[Stored data entries]
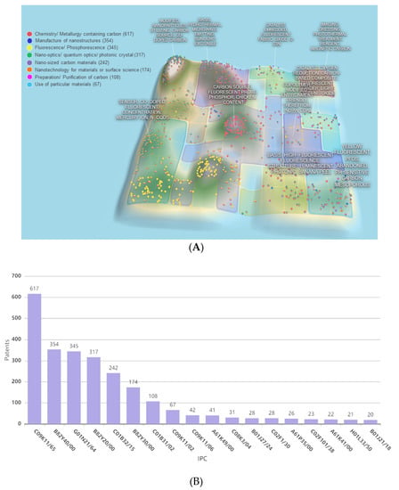 Patents involving CDs synthesis and applications are few, as most related research deals with the synthesis and applications of metal-containing QDs. The first CD-related patent (filed in 2010) describes a method of producing water-soluble fluorescent carbon dots from carbon soot []. CDs with sizes of 2–7 nm were oxidatively treated to introduce hydrophilic surface carboxyl groups in amounts that are sufficient for fluorescence []. Another patent disclosed a single-step hydrothermal method of preparing water-soluble biomass-derived fluorescent CDs from cellulose and urea []. The prepared CDs were subjected to centrifugation, dialysis, and lyophilization to obtain solid-state CDs, which showed promising water solubility, low toxicity, good biocompatibility, and could be potentially used for cell imaging []. The recently described production of nitrogen-doped fluorescent CDs from milk at a moderate temperature (100–120 °C) within a short time (20–40 min.) [] paves the way to the low-cost large-scale production of fluorescent CDs with a size distribution of 2–10 nm. In 2017, two patents describing the preparation of biomass-derived CDs were filed [,]. One of these patents describes a method comprising the consecutive steps of biomass impregnation and hydrothermal carbonization for 1–5 h at 150–350 °C in the presence of one or more activators, such as KOH, NaOH, K2CO3, KHCO3, Na2CO3, and NaHCO3 [], which affords CDs with a uniform size distribution and an average size of 5 nm. Another patent describes the synthesis of biomass tar–derived CDs via a catalytic reaction of a molecular sieve/tar mixture at 300–800 °C, followed by sonication [], which provides well-dispersed CDs with a high QY. The categories of patents that are related to CDs are illustrated by the overall patent analysis and international patent classification (IPC) groups presented in Figure 3A. The top groups of filed patents and the numbers of filed patents, as demonstrated in Figure 3B, involve chemistry/metallurgy containing carbon, modified nanoparticles utilizing carbon source, co-doped carbon, biomass hydrothermal, and microwave synthesis for sun-light excitable carbon dots, as well as the application of CDs exhibiting luminescence, e.g., electroluminescence, chemiluminescence, photonics, and sensors, as well as CDs that are suitable for bio-related applications, such as imaging, dressing, and photothermal treatment.
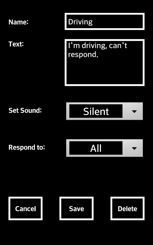 Make sure that you're friends know you're busy if you don't respond. Autosponse let's you set custom messages that can be activated with a single tap. The app will then automatically reply to any incoming texts or phone calls. Never again receive a phone call or text while driving, and worry that your friend will think you're ignoring them.
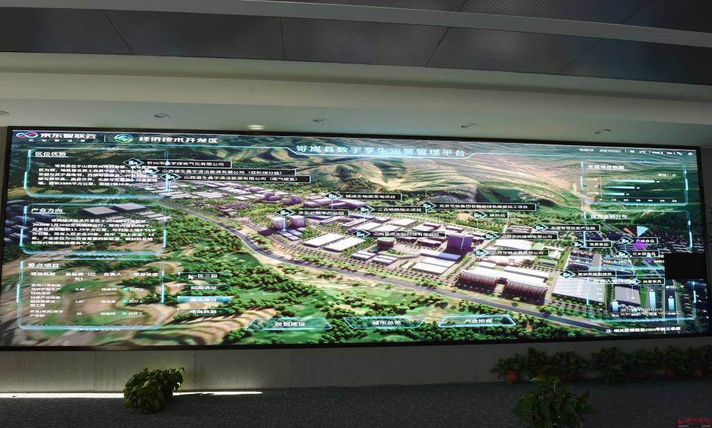 在位于岢嵐縣融媒體中心的項(xiàng)目臨時(shí)辦公地,對(duì)著占滿一堵墻的大屏幕,記者聽取了京東(岢嵐)有關(guān)業(yè)務(wù)工作人員的情況介紹。
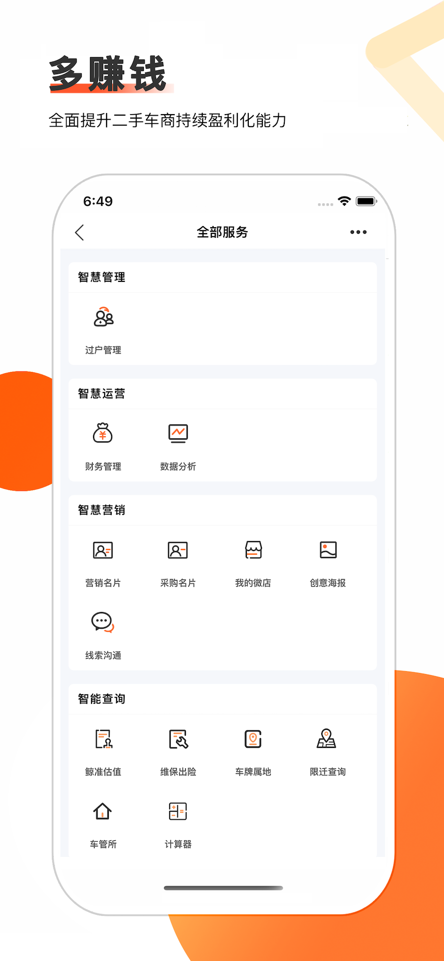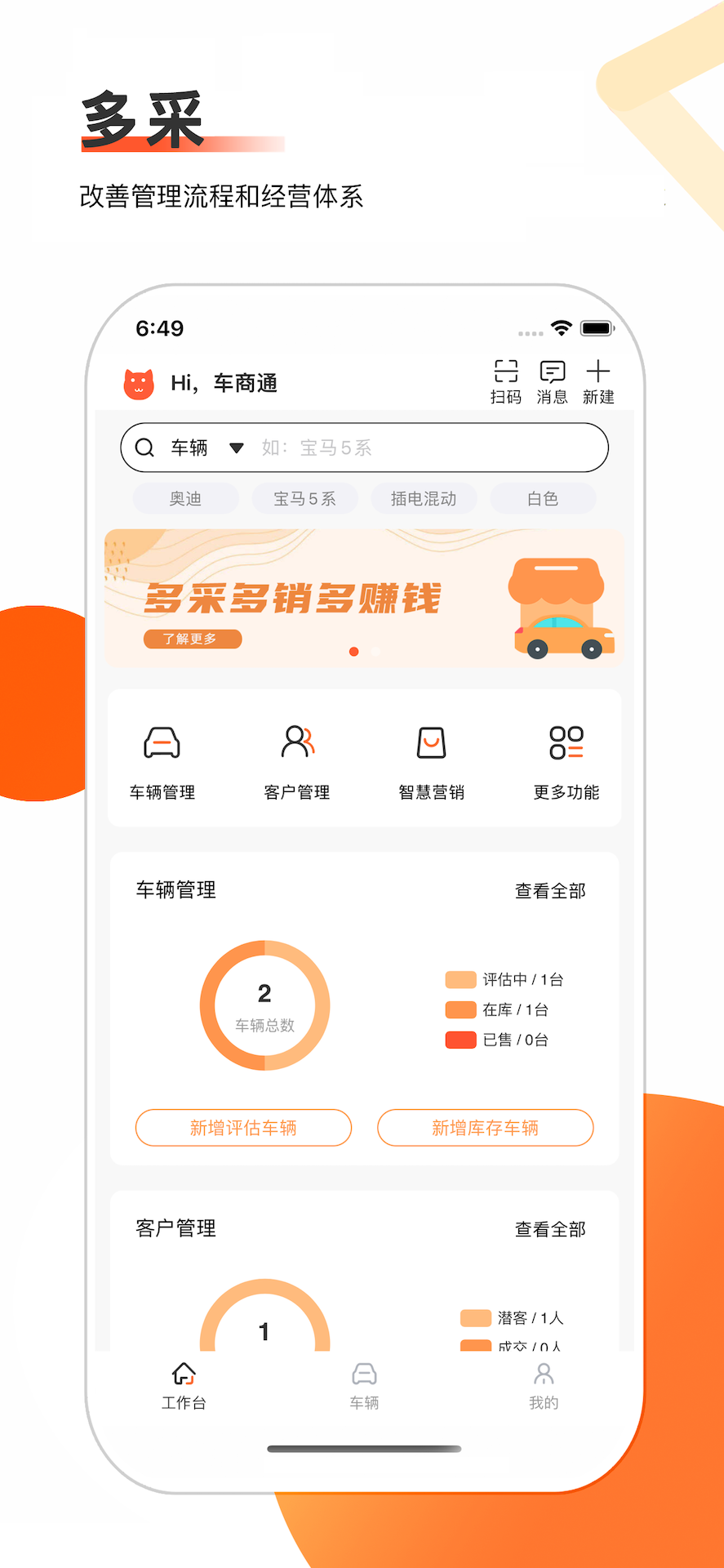 车商通是丰车公司面向二手车商推出的智慧进销存系统。
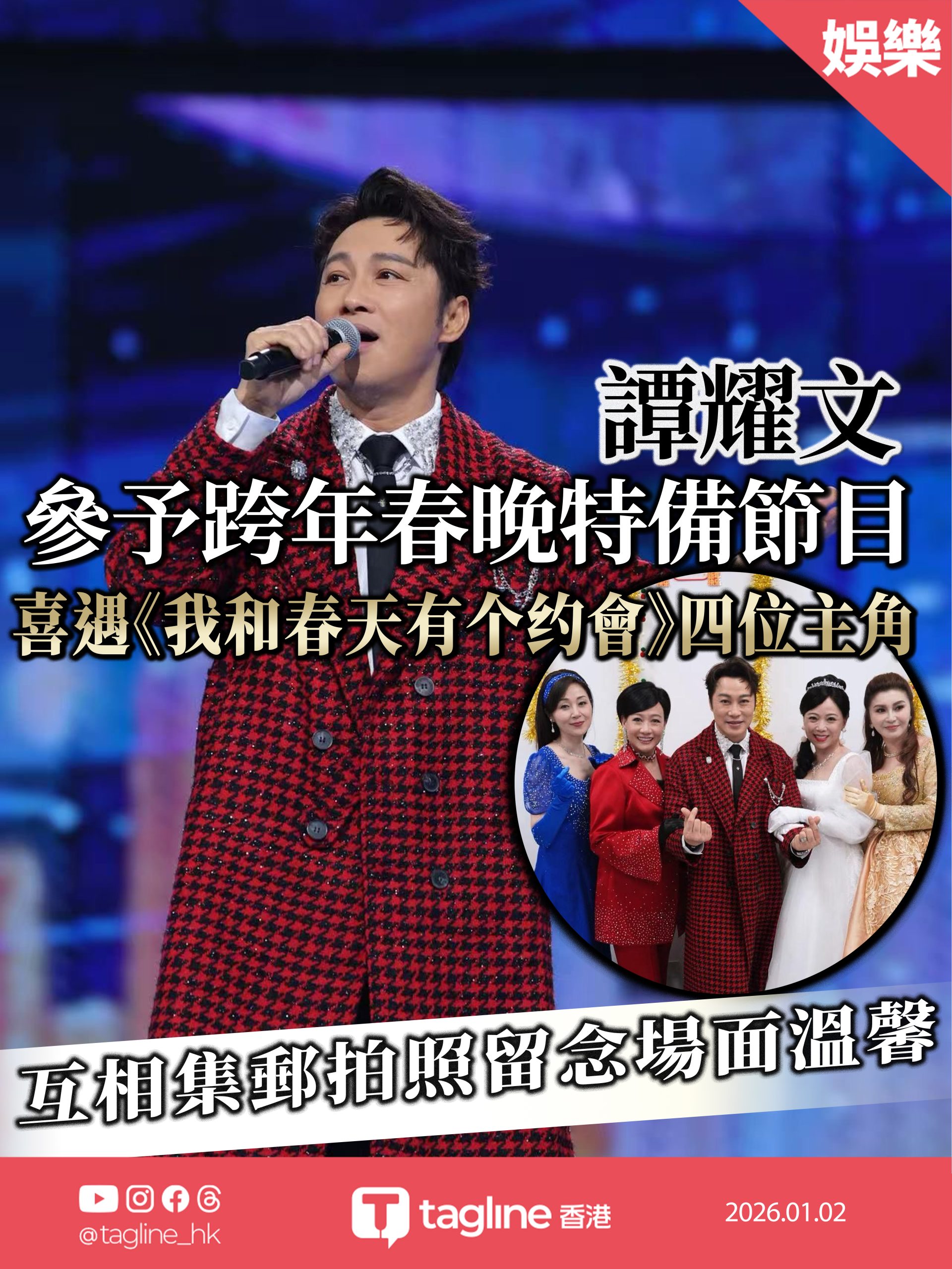 譚耀文參予跨年春晚特備節目喜遇《我和春天有个约會》四位主角:商天娥、鄧萃雯、萬绮雯和蔡曉儀互相集郵拍照留念 場面溫馨
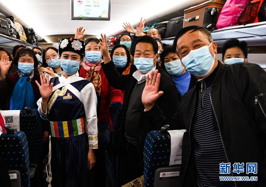 12月30日,身穿少数民族服饰的乘务人员在昆明南至临沧的D8127次列车上与乘客合影。
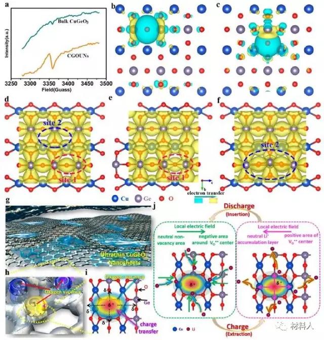 該文章報(bào)道了一種常規(guī)液相剝離法制成的二維CuGeO3超薄納米片(CGOUNs)/石墨烯范德華異質(zhì)結(jié)的鋰電陽極材料。有趣的是,當(dāng)CuGeO3的厚度減少至原子尺度時(shí),由于有較多的表面原子輕易離開了二維晶格,產(chǎn)生自適應(yīng)氧空位。第一性原理計(jì)算表明,產(chǎn)生明顯的電子轉(zhuǎn)移現(xiàn)象,使得電子分布不平衡,在氧空位區(qū)域上產(chǎn)生了局域電場。

The problem: Nothing but the lines from the line containing "车商通是丰车公司面向二手车商推出的智慧进销存系统。" through the last line of the records above is to be extracted, exactly and with no pictures.

The answer:
 车商通是丰车公司面向二手车商推出的智慧进销存系统。
 譚耀文參予跨年春晚特備節目喜遇《我和春天有个约會》四位主角:商天娥、鄧萃雯、萬绮雯和蔡曉儀互相集郵拍照留念 場面溫馨
 12月30日,身穿少数民族服饰的乘务人员在昆明南至临沧的D8127次列车上与乘客合影。
 該文章報(bào)道了一種常規(guī)液相剝離法制成的二維CuGeO3超薄納米片(CGOUNs)/石墨烯范德華異質(zhì)結(jié)的鋰電陽極材料。有趣的是,當(dāng)CuGeO3的厚度減少至原子尺度時(shí),由于有較多的表面原子輕易離開了二維晶格,產(chǎn)生自適應(yīng)氧空位。第一性原理計(jì)算表明,產(chǎn)生明顯的電子轉(zhuǎn)移現(xiàn)象,使得電子分布不平衡,在氧空位區(qū)域上產(chǎn)生了局域電場。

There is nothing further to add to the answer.